Unit testing of this change uncovered a bug in Calculation::calculateCellValue. That routine saves off ArrayReturnType, and may change it, and is supposed to restore it. But it does not do the restore if the calculation throws an exception. It is changed to do so.

This is:

  • a bugfix
  • a new feature
  • refactoring
  • additional unit tests

Checklist:

  • Changes are covered by unit tests
    • Changes are covered by existing unit tests
    • New unit tests have been added
  • Code style is respected
  • Commit message explains why the change is made (see https://github.com/erlang/otp/wiki/Writing-good-commit-messages)
  • CHANGELOG.md contains a short summary of the change and a link to the pull request if applicable
  • Documentation is updated as necessary

Why this change is needed?

Provide an explanation of why this change is needed, with links to any Issues (if appropriate).
If this is a bugfix or a new feature, and there are no existing Issues, then please also create an issue that will make it easier to track progress with this PR.

This has come up a number of times, most recently with issue PHPOffice#3901, and also issue PHPOffice#3659. It will certainly come up more often in days to come.
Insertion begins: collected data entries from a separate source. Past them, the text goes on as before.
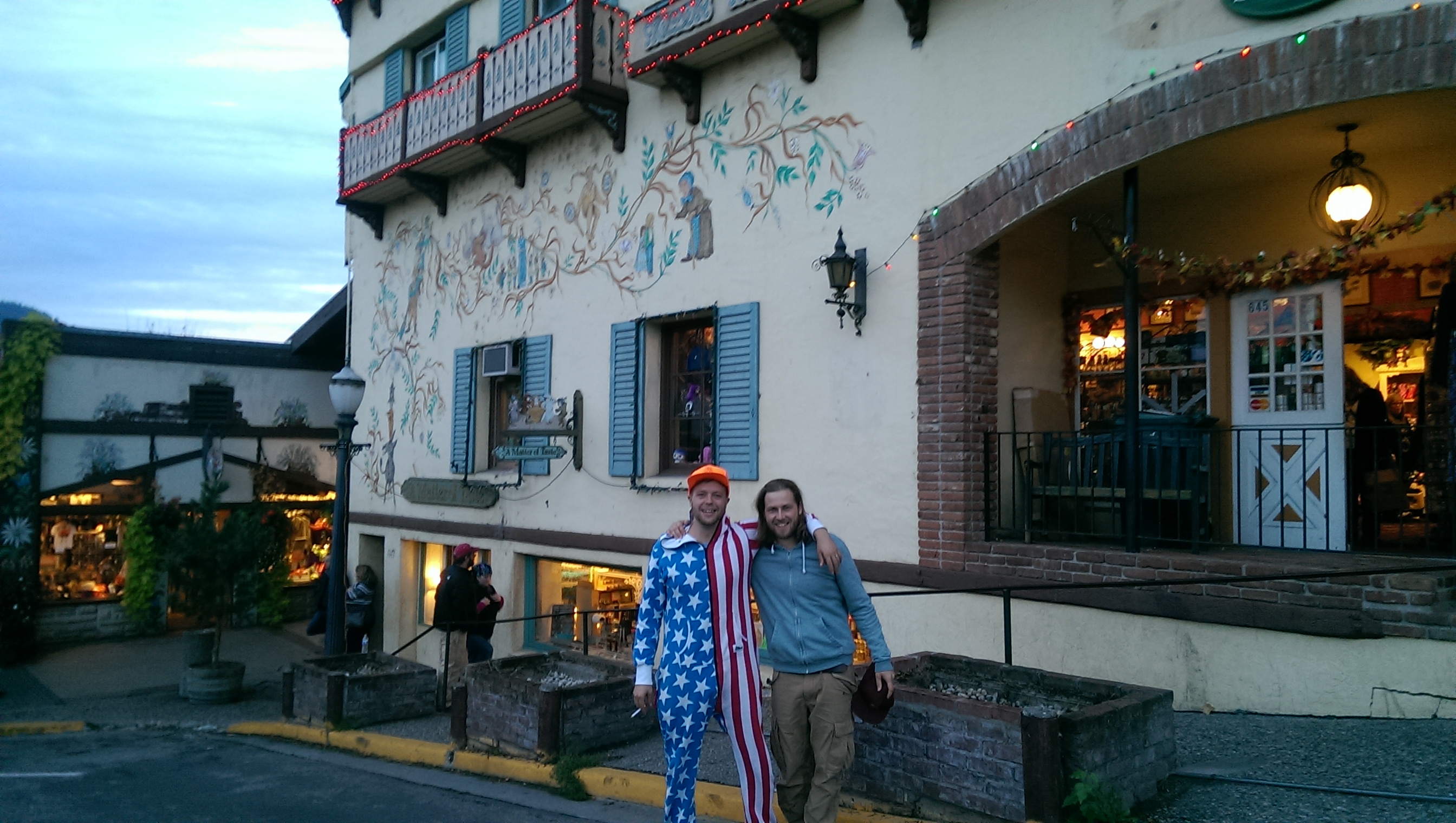 Highlight war auf jeden Fall der Wochenendausflug nach Leavenworth. Da nun 3 „Deutsche“ zu Besuch waren, haben sich die Ammis kurzum gedacht, dass es eine gute Idee wäre mit 25 Leuten in ein Bazidorf mitten in den Staaten zu fahren und den Geburtstag von ner Freundin von Jochen und Chelsie, in ner riesigen Hütte zu feiern…Angekommen in der Bear Mountain Lodge wurde das typische Klischee der amerikanischen Hausparties dann auch vollkommen bestätigt 😀 Rote Becher…Handstand auffem Fass (kein Plan wofür dass genau gut sein soll) …Bier Pong…hier und da die ersten komatösen Totalausfälle und dann gegen 00:30…Zapfenstreich!!! Das kannten wir leider schon von der 90 er Party…die Ammis saufen ab 8 Uhr brachial wie die Ketzer und um 00:00 – 01:00 ist dann jeder so zugesoffen, dass relativ fix Feierabend ist. Für Jochen, und uns natürlich nicht ganz verständlich…da geht man ja gegen 01:00 evtl erstmal angetrunken los. Naja andere Länder andere Sitten…Abgeschlossen wurde das Wochenende dann zünftig mit nem Leberkas, Spezi und Kartoffelsalat…Insgesamt war es ne absolut geniale Woche und an dieser Stelle nochmal ganz vielen lieben Dank an Chelsie und Jochen, dass sie uns ganz selbstverständlich in ihrer Bude aufgenommen haben und uns mal wieder Amerika ein Stück weit näher gebracht haben…hoffe man sieht sich in Montana zur Hochzeit 😉
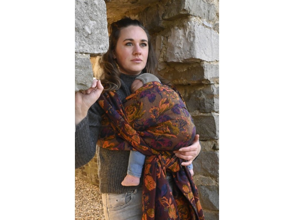 Yaro Ring Sling La Peonia Trinity Blue Caramel Wool Tencel
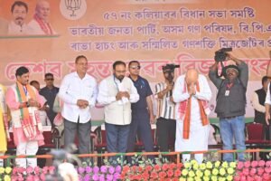তেওঁ ৰাহুল গান্ধীক তাচ্ছিল্য কৰি কয় যে তেওঁ আজি অসম ভ্রমণলৈ আহি ডাঙৰ ডাঙৰ ভাষণ আগবঢ়াইছে। তেওঁক মই প্রশ্ন কৰিছো তেওঁলোকৰ পোন্ধৰ বছৰীয়া শাসন কালত অসমৰ বাবে কি কৰা হৈছিল। কেন্দ্ৰত মনমোহন সিঙৰ চৰকাৰ আৰু অসমত কংগ্ৰেছ চৰকাৰ আছিল। অসমৰ বিকাশৰ বাবে সেই পোন্ধৰ বছৰত কি কৰা হ’ল বুলি প্ৰশ্ন কৰি কয় যে তেওঁলোকে কেবল অসমক দিছিল ১ লাখ ২৮ হাজাৰ কোটি টকা। আমাৰ নেতা নৰেন্দ্ৰ মোদীয়ে কেবল দহ বছৰতে ৯ লাখ ৭৮ হাজাৰ কোটি টকা আগবঢ়াইছেবুলি উল্লেখ কৰি কয় যে ৰাজ্যবাসীয়ে তৃতীয়বাৰৰ বাবে উন্নয়নৰ বাবে এন ডি এক সমর্থন আগবঢ়াব লাগে বুলি উল্লেখ কৰে। প্রণিধানযোগ্য যেবৃহস্পতিবাৰে কলিয়াবৰত নির্বাচনী প্রচাৰ সভাত অংশগ্রহণ কৰে কেন্দ্রীয় গৃহমন্ত্রী অমিত শ্বাহে। কলিয়াবৰৰ মিছা হাইস্কুল খেলপথাৰত অনুষ্ঠিত নির্বাচনী সভাত এন ডি এ তথা অগপৰ প্রার্থী কেশৱ মহন্তৰ হৈ নির্বাচনী প্রচাৰ সভাত অংশগ্রহণ কৰে কেন্দ্রীয় গৃহমন্ত্রীগৰাকীয়ে। কলিয়াবৰত আয়োজন কৰা বিশাল নির্বাচনী সভাত মহাপুৰুষ শ্রীমন্ত শংকৰদেৱ, মাধৱদেৱক স্মৰণ কৰি কেন্দ্ৰীয় গৃহমন্ত্রীশ্বাহে ভাষণত ঘোষণা কৰে যে সূর্য-চন্দ্র থকালৈকে অগপ-বিজেপিৰ বন্ধুত্ব সদায় থাকিব। উন্নয়নৰ প্রসংগ উত্থাপন কৰি গৃহমন্ত্রী শ্বাহে কয় যে নৰেন্দ্ৰ মোদীৰ চৰকাৰৰ দিনত দেশৰ অভূতপূর্ব উন্নয়ন হৈছে। অসমো পিছ পৰি থকা নাই। অসমত সকলো ঔৰতে উন্নয়ন হৈছে। এই উন্নয়নৰ ধাৰা বৰ্তাই ৰাখিবলৈ তৃতীয়বাৰৰ বাবে এন ডি এৰ চৰকাৰ প্ৰতিষ্ঠাৰ হেতুকে কলিয়াবৰত হাতীৰ ছবিত ভোট দিব লাগিব।
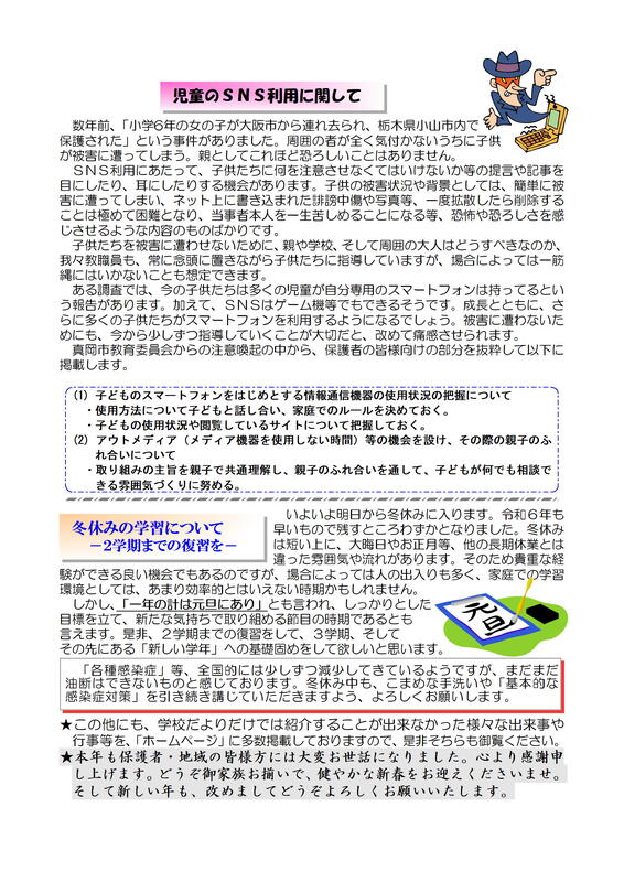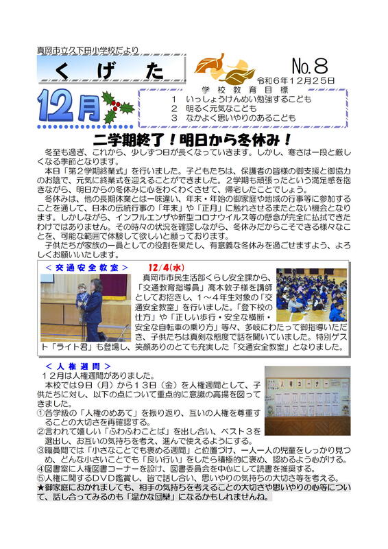 そして明日からの冬休み、子どもたちが自分から進んで学習やお手伝いに取り組むことができるよう、お声かけや励ましの言葉等を、是非よろしくお願いいたします。
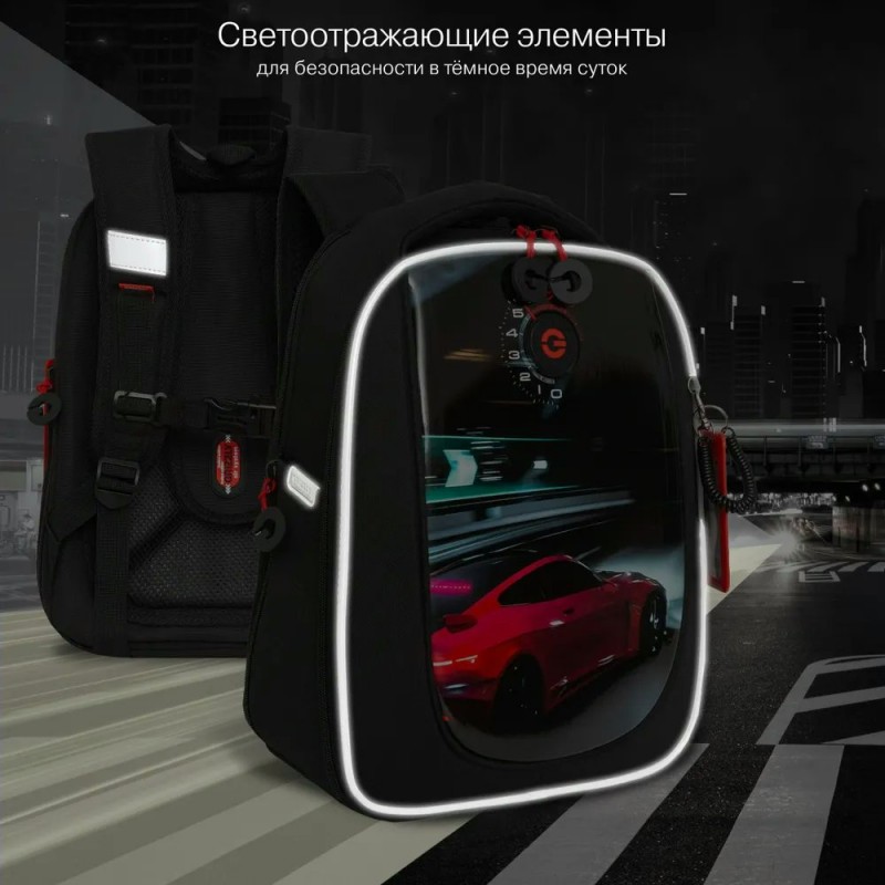 Рюкзак школьный черный,с анатом. спинкой, на ножках,971гр.до 20л. Grizzly
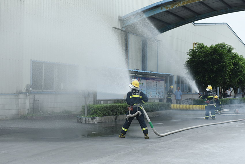 在演習(xí)的過程中,新興縣消防官兵針對火災(zāi)事故發(fā)生時的情況講解了各種滅火器材的性能、用途和使用方法,并實操演習(xí)了車間現(xiàn)場火災(zāi)撲救。隨后,全廠員工在疏散組的指揮下井然有序地按照規(guī)定疏散路線,迅速撤離了現(xiàn)場,到達(dá)指定地點。
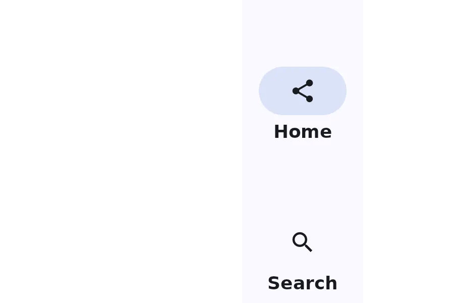 import { NavigationRail } from "@material";export component Example inherits Window { width: 400px; height: 300px; background: transparent; NavigationRail { width: 80px; height: parent.height; items: [ { icon: @image-url("../icons/share.svg"), text: "Home" }, { icon: @image-url("../icons/search.svg"), text: "Search" } ]; }}

Excel is changing formulas which PhpSpreadsheet has output as `=UNIQUE(A1:A19)`; Excel is processing the formula as it were `=@unique(A1:A19)`. This behavior is explained, in part, by PHPOffice#3659 (comment). It is doing so in order to ensure that the function returns only a single value rather than an array of values, in case the spreadsheet is being processed (or possibly was created) by a less current version of Excel which cannot handle the array result.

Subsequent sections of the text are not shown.